14. Hukuk Dairesi 2016/5490 E. , 2019/558 K.
"İçtihat Metni"MAHKEMESİ :Asliye Hukuk Mahkemesi
Davacılar vekili tarafından, davalılar aleyhine 30.04.2013 gününde verilen dilekçe ile gayrimenkul satış vaadi sözleşmesine dayalı tapu iptali ve tescil, ikinci kademede tazminat talebi üzerine yapılan duruşma sonunda; davanın reddine dair verilen 16.10.2015 günlü hükmün Yargıtayca incelenmesi davacılar vekili tarafından istenilmekle süresinde olduğu anlaşılan temyiz dilekçesinin kabulüne karar verildikten sonra dosya ve içerisindeki bütün kağıtlar incelenerek gereği düşünüldü:
K A R A R
Dava, taşınmaz satış vaadi sözleşmesine dayalı tapu iptali ve tescil, ikinci kademede tazminat istemine ilişkindir.
Davacılar vekili, 2512, 2513, 2514, 2515 ve 2516 parsel sayılı taşınmazlardaki miras hak ve hisselerinin tamamını ... 1. Noterliğinin 09.01.1995 tarih ve 406 yevmiye sayılı düzenleme şeklindeki gayrimenkul satış vaadi sözleşmesi ile davalı ..."nun murisi... ve diğer davalılar tarafından davacıların murisi ..."a satışının vaat ve taahhüt edildiğini, bedelinin peşin ödendiğini belirterek tapu kayıtlarının iptali ile miras payları oranında davacılar adına tescili, mümkün olmaması halinde ise dava konusu payların güncel bedelinin tazminini istemiştir.
Bir kısım davalılar vekili, zamanaşımı itirazında bulunduklarını, ölü tapu kayıt maliklerinin, mirasçılarının, kimliklerinin ve davalıların paylarının belirsiz olduğunu, sözleşmenin ifa olanağının bulunmadığını belirterek davanın reddini savunmuştur.
Mahkemece, dava konusu taşınmazların maliklerinin dava dışı kişiler olduğu, davacılar tarafından davalılar ile taşınmaz arasındaki ilişkinin ispat edilememesi nedeniyle sözleşmenin ifa kabiliyetinin bulunmadığı gerekçesiyle davanın reddine karar verilmiştir.
Hükmü, davacılar vekili temyiz etmiştir.
Kaynağını Borçlar Kanununun 22. maddesinden alan taşınmaz satış vaadi sözleşmeleri, Borçlar Kanununun 213. maddesi ile Türk Medeni Kanununun 706. ve Noterlik Kanununun 89. maddesi hükümleri uyarınca noter önünde re’sen düzenlenmesi gereken, bir başka anlatımla geçerliliği resmi şekil şartına bağlı kılınan, tam iki tarafa borç yükleyen ve kişisel hak sağlayan sözleşme türüdür.
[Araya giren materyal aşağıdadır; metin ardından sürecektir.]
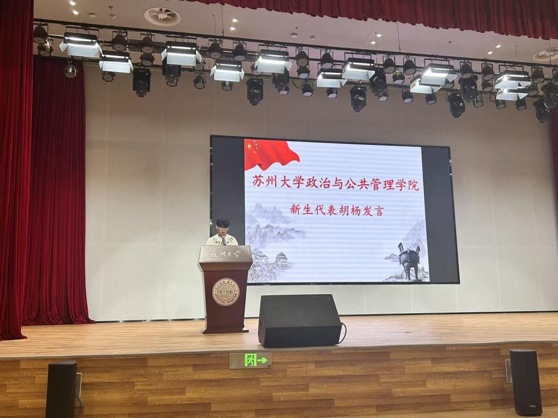 随后,新生代表胡杨同学登台发言,不仅彰显出成为苏大学子的骄傲, 更传递出对校园生活的热切期盼、对师长的诚挚敬意,以及在学业路上全力以赴的决心,引发了在场新生的强烈共鸣。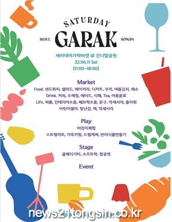 ‘세러데이가락 마켓’의 판매 및 체험부스는 6월 11일 오전 11시부터 오후 6시까지 운영되며, 밴드 공연은 오후 4시 30분부터 6시까지 진행된다.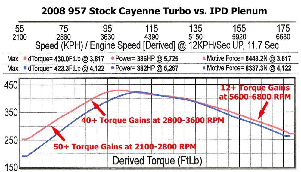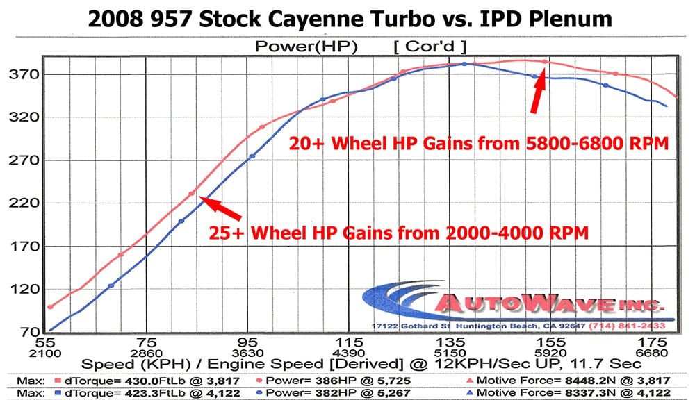 The IPD 76mm Plenum for the 955 Porsche Cayenne Turbo is a powerful upgrade that boosts performance with a more linear power delivery. Designed to work exceptionally well with Porsche Turbo models, this Plenum features an optimized diversion area and larger inlet openings, increasing intake air speed and enhancing turbulence for improved efficiency. The result is an impressive power gain of over 30 wheel horsepower and 32 foot-pounds of torque, delivering noticeable performance boosts across the entire power curve with quicker boost response. Constructed to withstand high boost levels, the durable IPD Plenum outperforms factory plastic intakes prone to cracking, providing reliable, bolt-on power that’s easy to install.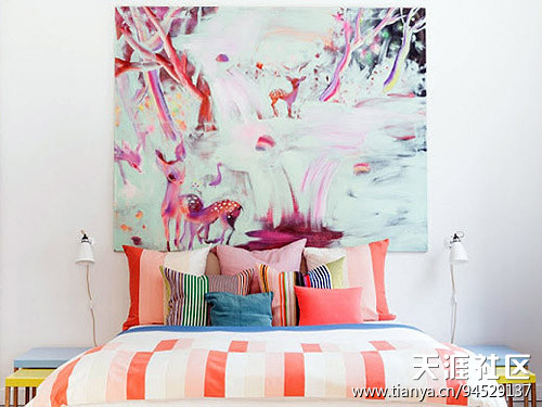 那款以彩虹为主题的卧室设想最合女生口味,欢乐的色彩让卧室生活的情感也跟着高涨,绿色的卧室布景墙带有春天的气息,也给卧室付与了活力,彩色的床品与之协调搭配,衬托出天然浪漫的小情怀卧室设想效果图。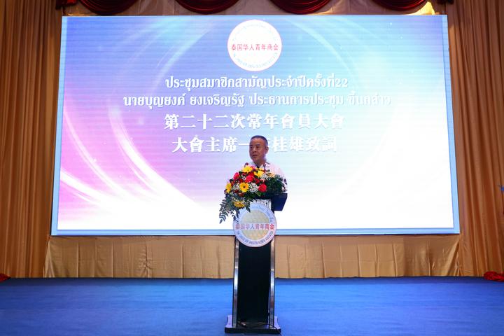 他在致词中说到,今天,我非常高兴主持泰国华人青年商会第22次常年会员大会,能够在这里再次见到各位新老朋友,倍感亲切!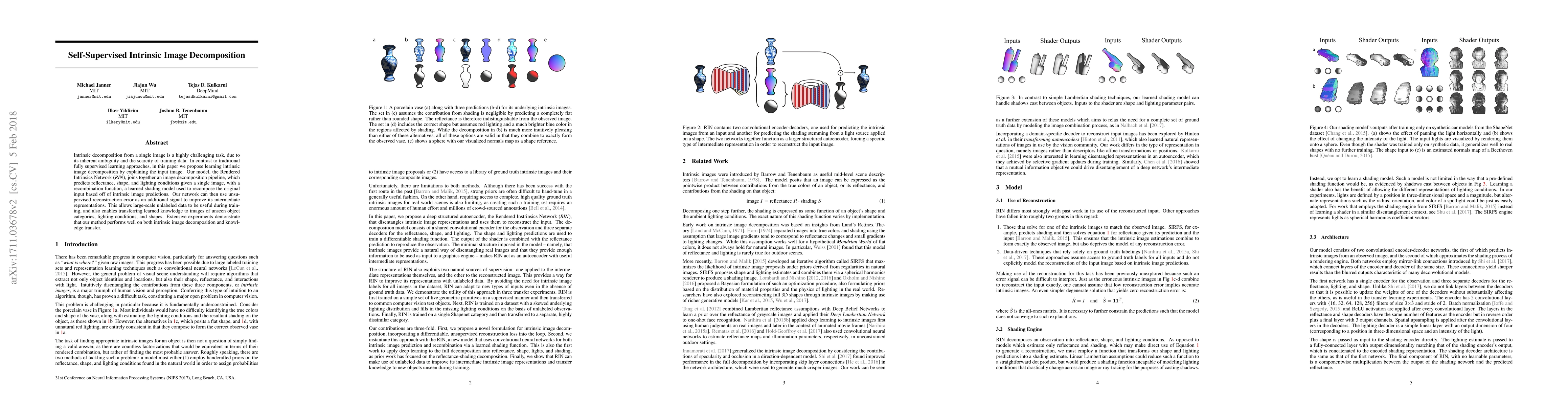This paper proposes the Rendered Intrinsics Network (RIN) to perform self-supervised intrinsic image decomposition by predicting reflectance, shape, and lighting using a single image. The model leverages unsupervised reconstruction error to improve intermediate representations, enabling effective knowledge transfer to new object categories and conditions.

Vaat alacaklısı, taşınmaz satış vaadi sözleşmesi ile mülkiyet devir borcu yüklenen satıcıdan edim yerine getirilmediğinde Türk Medeni Kanununun 716. maddesi uyarınca açacağı tapu iptali ve tescil davasında borcun hükmen yerine getirilmesini isteyebilir.
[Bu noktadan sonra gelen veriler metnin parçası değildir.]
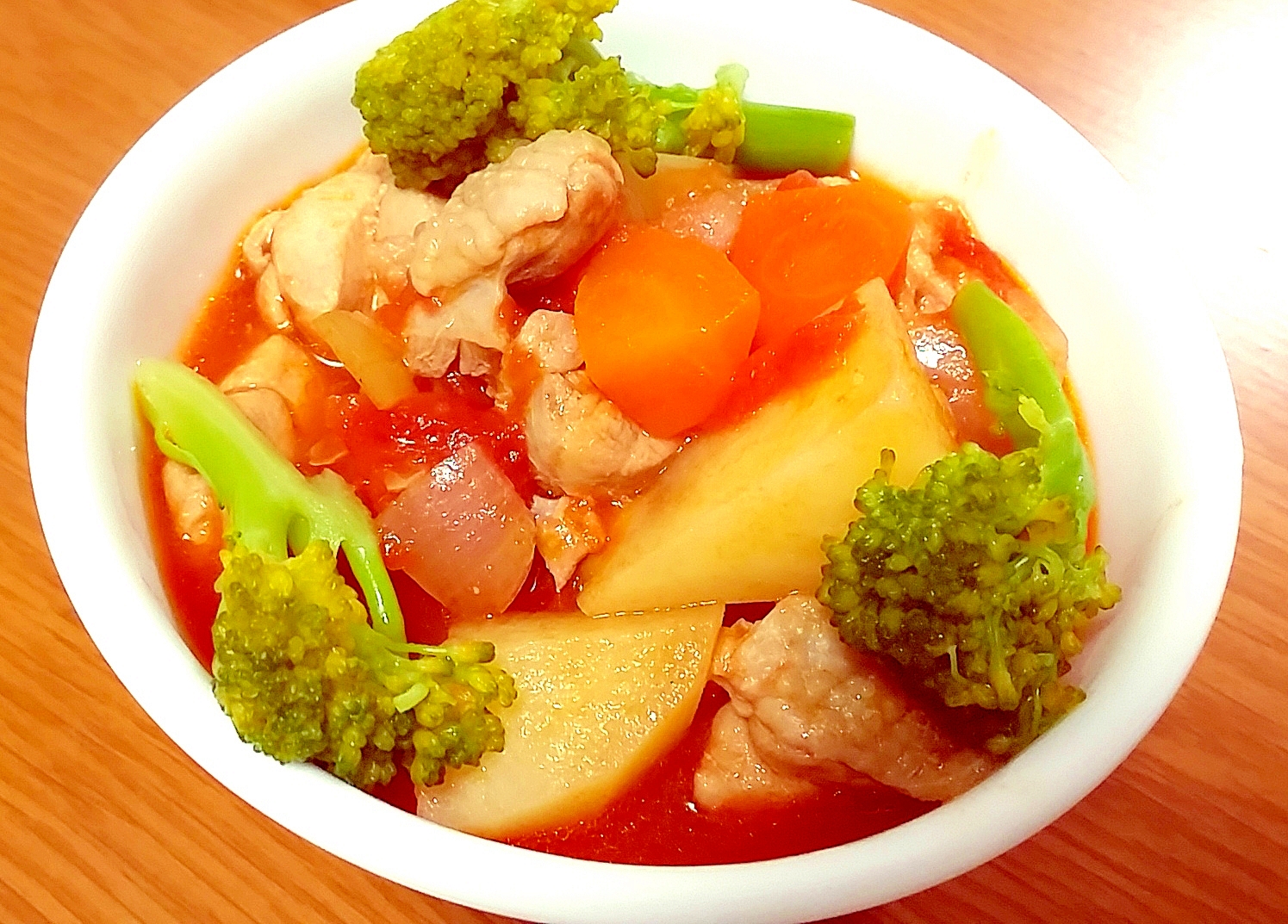 鶏もも肉と人参とジャガイモの 煮込み トマト味 そよ風になって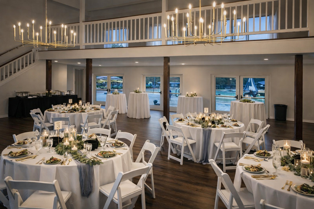 Our newly renovated clubhouse offers a clean, open, and versatile space perfect for weddings, celebrations, meetings, and special events of all kinds. The layout features a bright main room, an included loft, and a convenient side room, allowing flexibility to bring your vision to life. Convenient kitchen area provided when not in use by the Outdoor Pools. When the outdoor pool is closed, the patio is also available, adding even more space for guests to enjoy. The clubhouse is fully handicapped accessible, with a front entrance, designated parking, and accessible restrooms. Tables and chairs are included with your rental, and our elegant chandeliers create an upscale, sophisticated atmosphere. We would love to help you host a memorable event—contact us today to get started!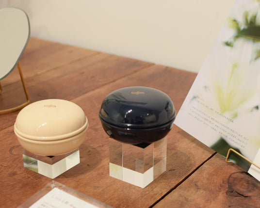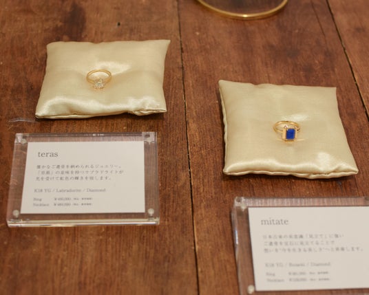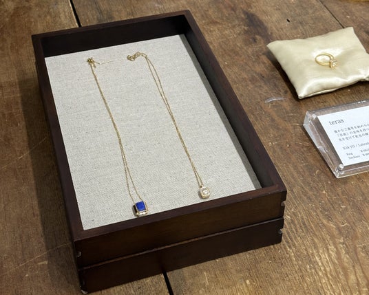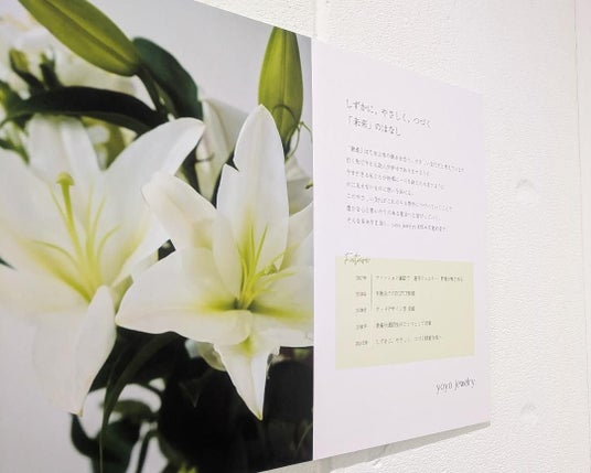 その先では「今」のyoyo jewelryを代表する手元供養アイテムをご紹介。「遺骨ジュエリー」や、漆塗り小箱「しつらえ箱」など、オンラインストアのみで展開しているアイテムを、実際に手に取ってご覧いただける機会となりました。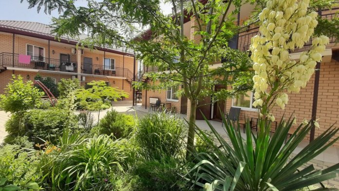 К услугам туристов бассейн 5 x 10 м. Уютное и тихое место, располагающее к отдыху. Шикарный благоустроенный двор, много цветов и зелени. Для детей оборудована детская площадка, имеется теннисный стол. Гостевой дом включает в себя три двухэтажных корпуса с благоустроенными номерами. Все номера имеют выход в уютный двор. Во всех номерах есть балконы или места для отдельного отдыха (стол со стульями, сушилка). Для маленьких туристов имеются детские кроватки. Уборка в номере и смена белья производятся 1 раз в неделю, полотенца меняются по желанию.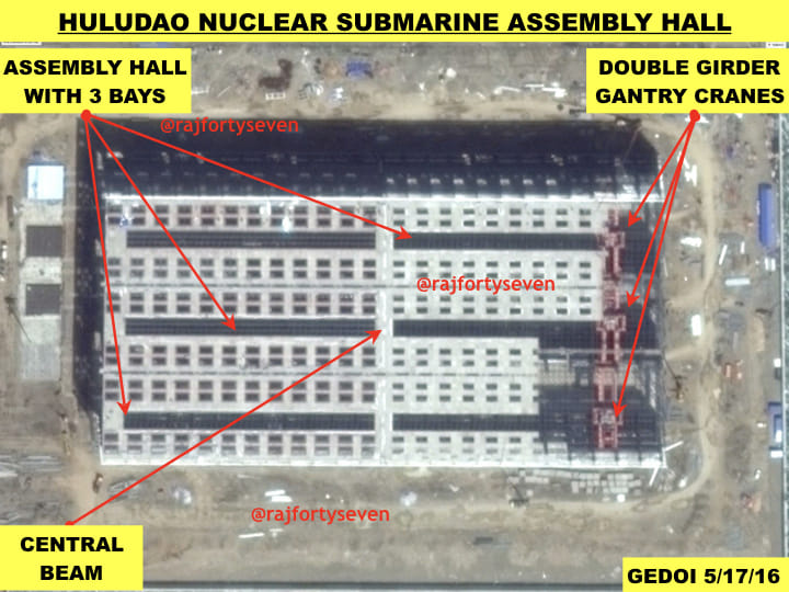 Xi Jinping’s ‘China Dream’ gave boost to the Blue Water navy ambitions and possibly funds were made available for the expansion of BSHIC’s nuclear submarine programme. The new facility on the Eastern side of Bohai shipyard started construction in mid-2015. The construction became visible and clear by mid-2016.

Satış vaadi sözleşmesinden kaynaklanan davaların kabulüne karar verebilmek için sözleşmenin ifa olanağı bulunmalıdır. Elbirliği mülkiyetine (TMK m.701) konu bir taşınmazda elbirliği (iştirak halinde) ortaklarından birinin, ortaklık dışı bir kişiye satım vaadinde bulunması halinde, sözleşme bir taahhüt muamelesi olarak geçerli olmakla birlikte elbirliği ortaklığı çözülünceye kadar sözleşmenin ifa olanağının varlığından söz edilemez. Bu durum, satışı vaat edilen taşınmazın tapusunda temliki tasarrufu engelleyen bir kaydın bulunması veya 5403 sayılı Toprak Koruma ve Arazi Kullanımı Kanununun 8. maddesi hükmüne aykırı şekilde taşınmaz satışı vaat edilmesi ya da vaade konu taşınmazın bir başka mahkemede mülkiyet uyuşmazlığına konu olması halinde de geçerlidir.
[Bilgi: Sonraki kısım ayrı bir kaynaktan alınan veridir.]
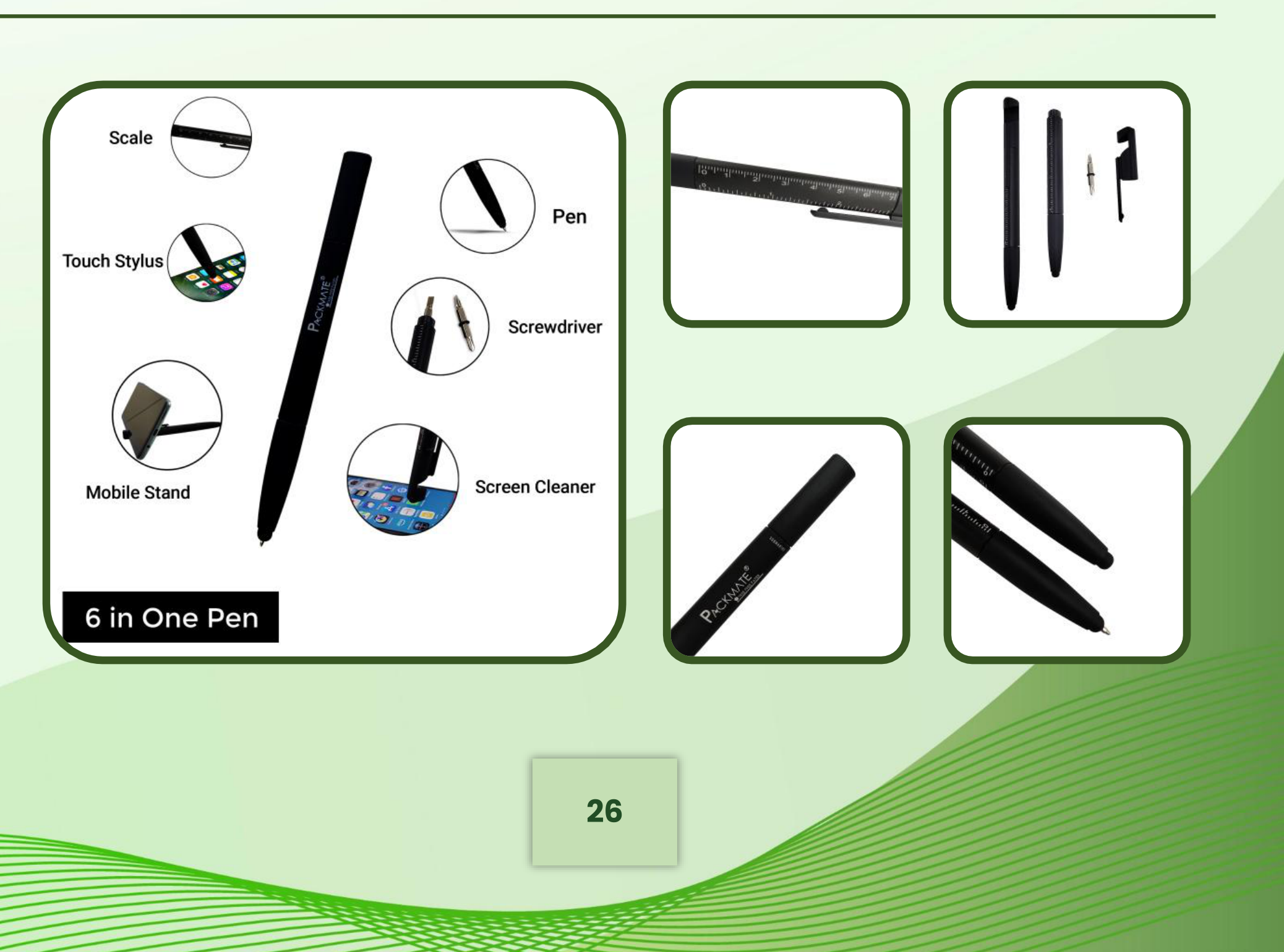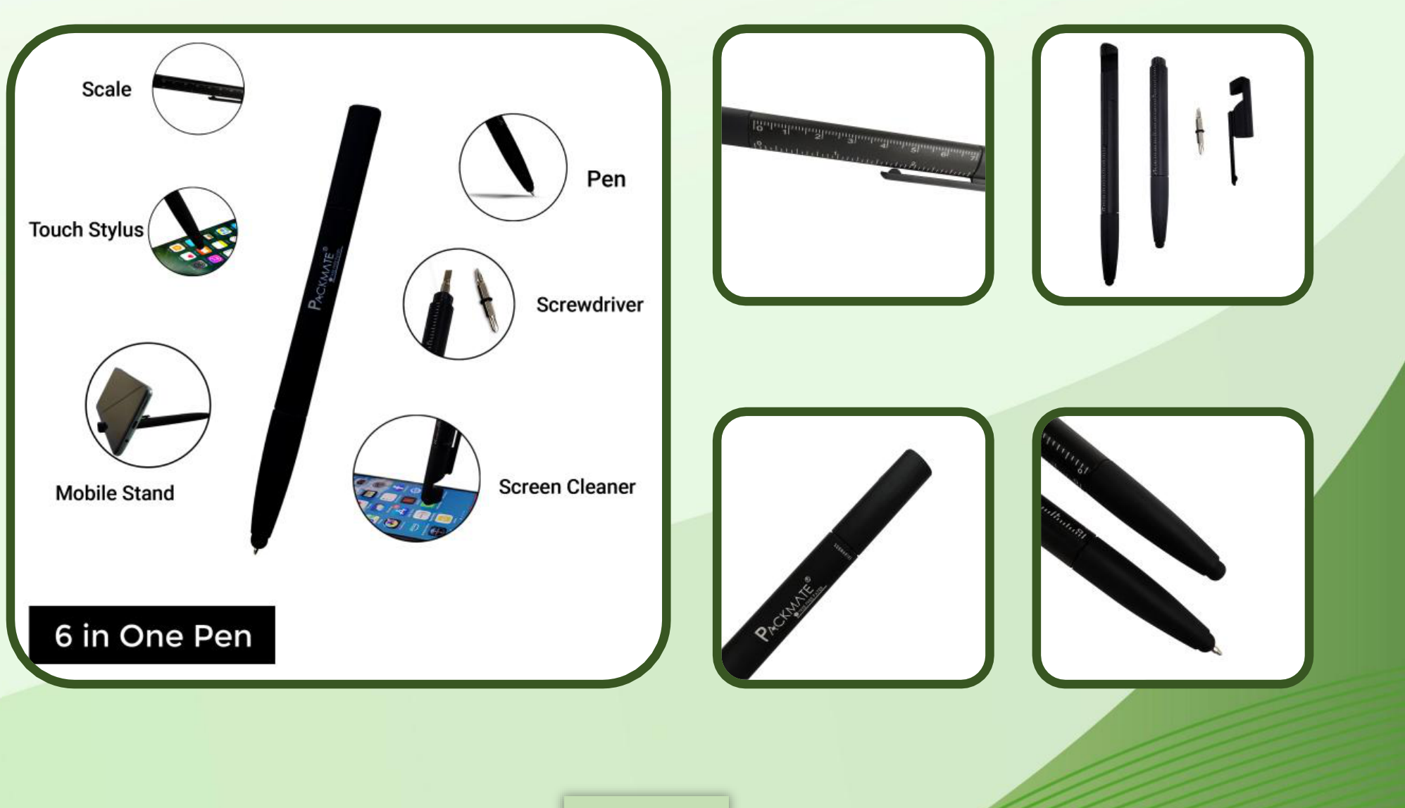 This versatile 6-in-1 pen from Packmate combines essential tools for everyday use. It features a writing pen, touch stylus, mobile stand, screen cleaner, and a screwdriver, making it a practical accessory for students and professionals alike.

Somut olaya gelince, dava konusu 2512, 2513, 2514, 2515 ve 2516 parsel sayılı taşınmazlar ... 1. Kadastro Mahkemesinin 1989/606 Esas, 1992/39 Karar sayılı kesinleşen ilamı gereğince ... oğlu ... kızı ... ve ... oğlu ... adına paylı mülkiyet halinde hükmen tescil edilmiştir. Tapu kayıt malikleri ile davalılar arasındaki irsi bağ bulunup bulunmadığı saptanamamıştır. Bu durumda mahkemece ilgili tapu sicil ve nüfus müdürlüğünden tapu kayıt maliklerinin kimliklerinin tespitine yarar tüm bilgi ve belgelerin temin edilmesi, davalılar ile tapu kayıt malikleri arasında irsi ilişki var ise mirasçılık belgelerinin alınması için davacı tarafa yetki ve süre verilmesi, irsi ilişkinin varlığının ispatlanabilmesi halinde işin esası hakkında bir kurulması gerekirken eksik inceleme ve araştırma sonucu kararda yazılı gerekçe ile davanın reddi doğru görülmemiş, hükmün bozulması gerekmiştir.
SONUÇ: Yukarıda açıklanan nedenlerle; davacılar vekilinin temyiz itirazlarının kabulü ile hükmün BOZULMASINA, peşin harcın istek halinde yatıranlara iadesine, kararın tebliğinden itibaren 15 gün içinde karar düzeltme yolu açık olmak üzere, 21.01.2019 tarihinde oybirliği ile karar verildi.